━━━ RECORDS SHOWN ━━━
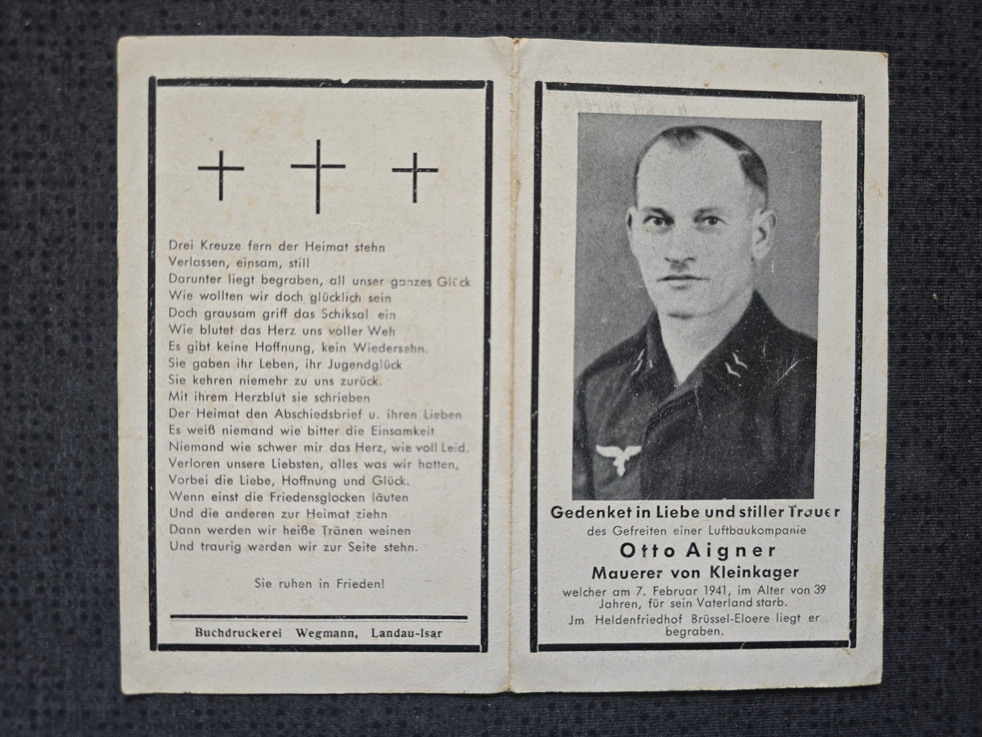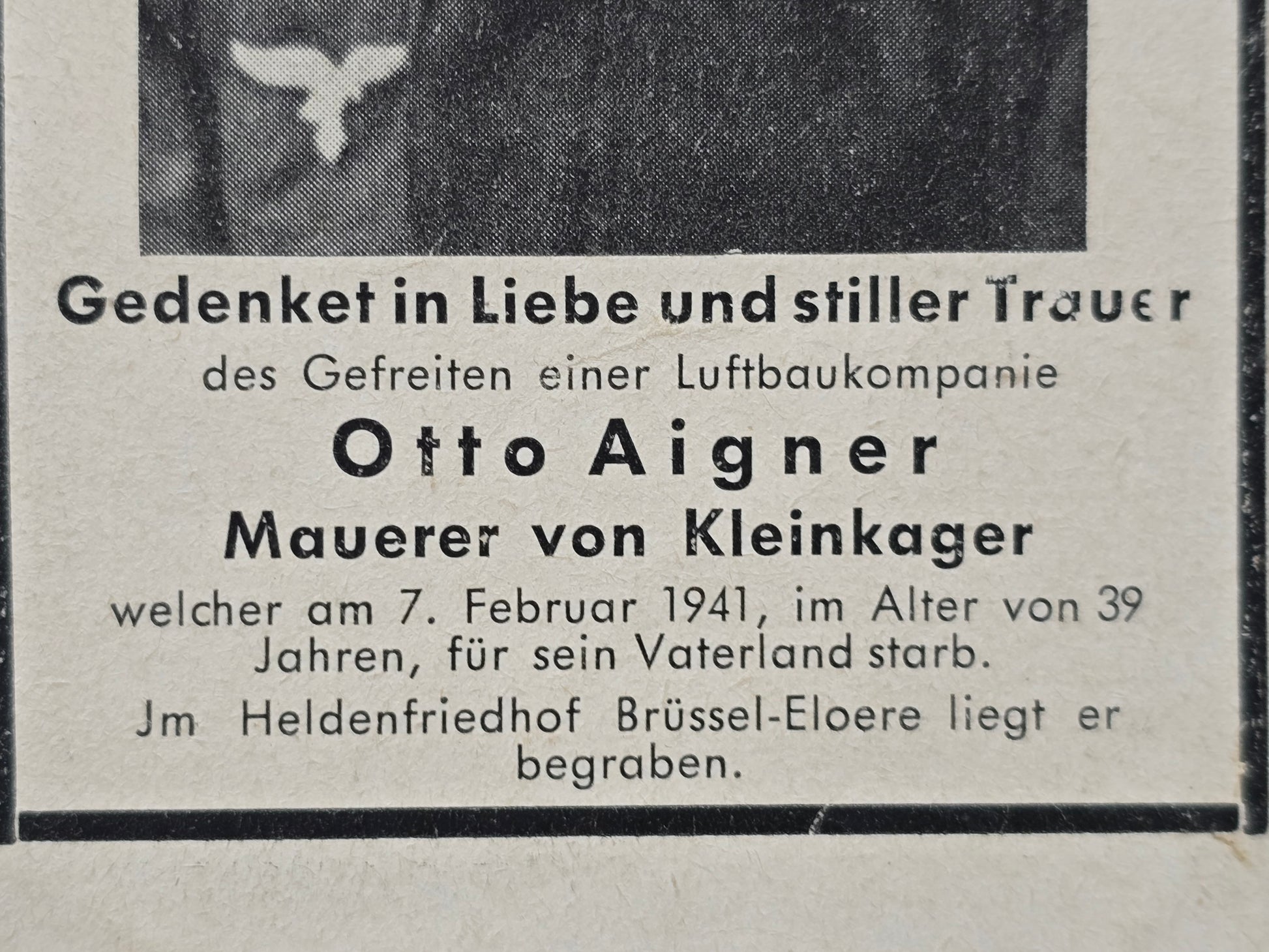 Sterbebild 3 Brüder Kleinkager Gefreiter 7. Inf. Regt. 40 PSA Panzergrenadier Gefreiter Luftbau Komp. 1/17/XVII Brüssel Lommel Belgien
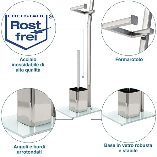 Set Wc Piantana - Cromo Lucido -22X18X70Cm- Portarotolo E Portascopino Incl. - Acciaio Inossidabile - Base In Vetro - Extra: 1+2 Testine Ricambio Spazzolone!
━━━
━━━ RECORDS SHOWN ━━━
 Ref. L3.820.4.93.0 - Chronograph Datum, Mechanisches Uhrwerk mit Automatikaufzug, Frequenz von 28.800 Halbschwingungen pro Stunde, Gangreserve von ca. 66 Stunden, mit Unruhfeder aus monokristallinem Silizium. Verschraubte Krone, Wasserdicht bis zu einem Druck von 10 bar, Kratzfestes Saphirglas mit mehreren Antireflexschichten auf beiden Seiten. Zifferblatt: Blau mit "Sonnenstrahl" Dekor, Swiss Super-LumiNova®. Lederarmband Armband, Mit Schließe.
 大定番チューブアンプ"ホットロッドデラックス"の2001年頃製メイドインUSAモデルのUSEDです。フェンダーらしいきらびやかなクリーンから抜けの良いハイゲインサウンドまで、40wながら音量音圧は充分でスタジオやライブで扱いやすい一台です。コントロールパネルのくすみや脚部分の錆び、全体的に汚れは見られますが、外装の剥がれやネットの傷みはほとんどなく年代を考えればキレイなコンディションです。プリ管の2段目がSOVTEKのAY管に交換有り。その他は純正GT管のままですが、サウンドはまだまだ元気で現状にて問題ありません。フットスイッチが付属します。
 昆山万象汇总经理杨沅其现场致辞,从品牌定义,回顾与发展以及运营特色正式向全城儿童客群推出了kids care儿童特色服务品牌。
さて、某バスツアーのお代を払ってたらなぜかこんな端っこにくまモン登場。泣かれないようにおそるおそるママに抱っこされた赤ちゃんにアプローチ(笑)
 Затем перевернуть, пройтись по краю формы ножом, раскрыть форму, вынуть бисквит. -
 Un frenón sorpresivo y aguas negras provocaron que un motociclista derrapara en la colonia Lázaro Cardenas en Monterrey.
━━━
━━━ RECORDS SHOWN ━━━
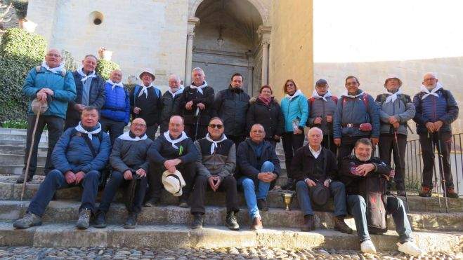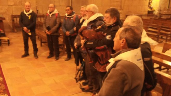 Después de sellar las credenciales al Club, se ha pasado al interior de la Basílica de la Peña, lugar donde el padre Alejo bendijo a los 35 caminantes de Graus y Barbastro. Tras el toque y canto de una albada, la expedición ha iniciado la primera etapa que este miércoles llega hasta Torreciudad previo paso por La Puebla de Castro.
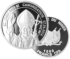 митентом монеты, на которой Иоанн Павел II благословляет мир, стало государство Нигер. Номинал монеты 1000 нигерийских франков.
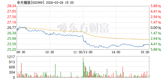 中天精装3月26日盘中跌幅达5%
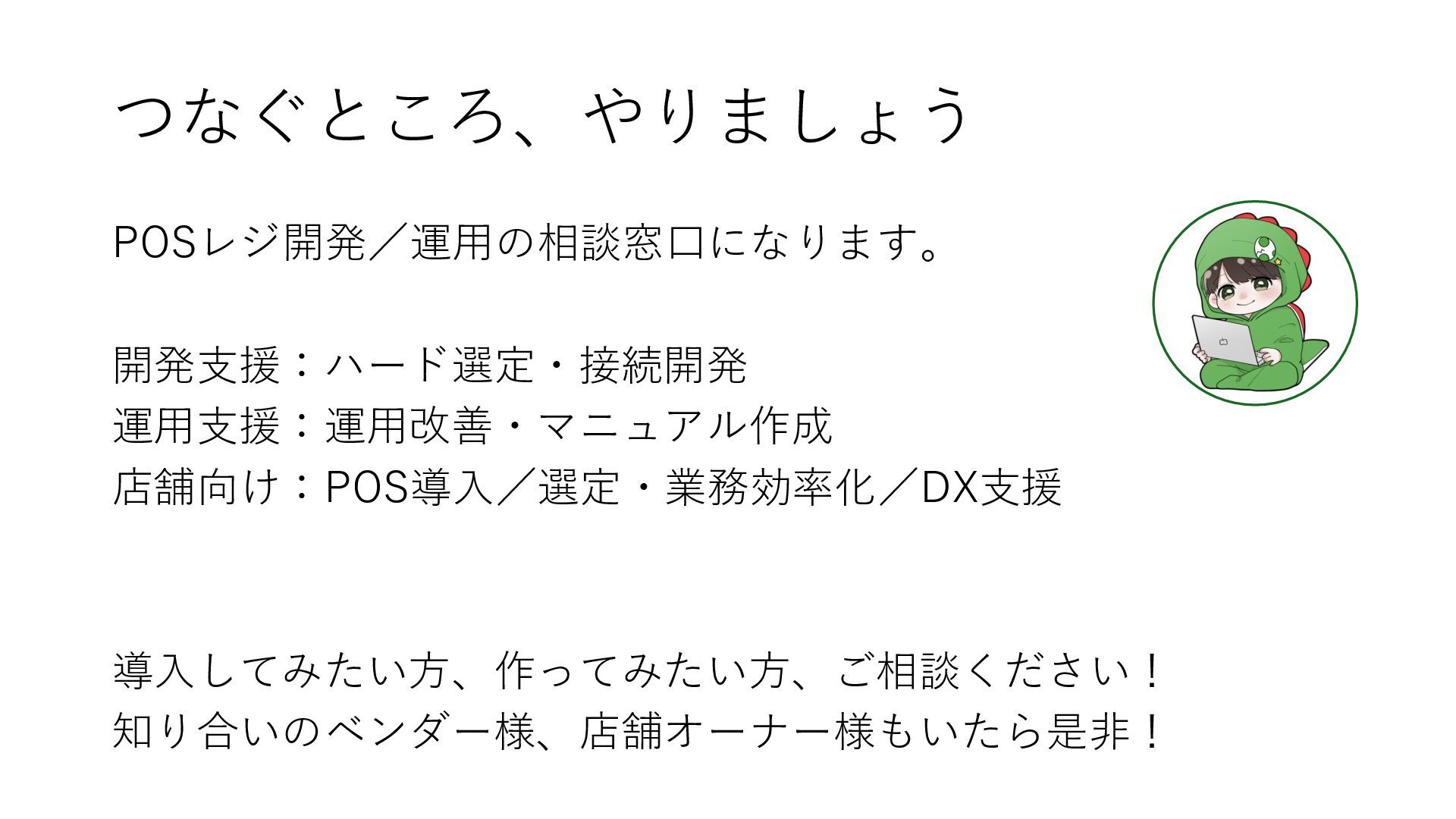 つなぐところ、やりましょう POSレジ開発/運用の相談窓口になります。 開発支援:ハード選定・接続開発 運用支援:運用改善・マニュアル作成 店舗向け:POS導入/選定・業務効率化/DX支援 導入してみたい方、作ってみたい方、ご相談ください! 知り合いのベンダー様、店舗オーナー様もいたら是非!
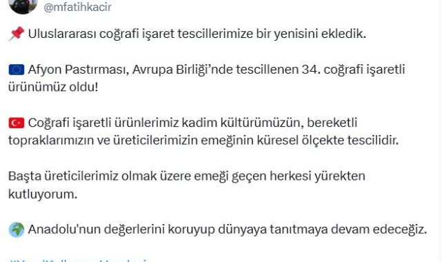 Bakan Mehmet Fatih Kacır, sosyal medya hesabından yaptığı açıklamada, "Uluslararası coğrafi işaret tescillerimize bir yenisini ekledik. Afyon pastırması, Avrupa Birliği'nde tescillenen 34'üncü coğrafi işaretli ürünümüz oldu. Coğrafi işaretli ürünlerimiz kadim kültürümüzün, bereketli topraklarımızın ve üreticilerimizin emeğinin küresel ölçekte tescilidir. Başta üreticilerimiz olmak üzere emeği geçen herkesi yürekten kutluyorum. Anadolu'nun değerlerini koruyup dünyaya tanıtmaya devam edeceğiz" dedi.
━━━
**PROBLEM TO WORK ON**
Nothing but the lines above, starting at the line that contains "Sterbebild 3 Brüder" and ending at the line that contains "Set Wc Piantana", should be given again, exactly and without the pictures.

**RESPONSE AREA**
 Sterbebild 3 Brüder Kleinkager Gefreiter 7. Inf. Regt. 40 PSA Panzergrenadier Gefreiter Luftbau Komp. 1/17/XVII Brüssel Lommel Belgien
 Set Wc Piantana - Cromo Lucido -22X18X70Cm- Portarotolo E Portascopino Incl. - Acciaio Inossidabile - Base In Vetro - Extra: 1+2 Testine Ricambio Spazzolone!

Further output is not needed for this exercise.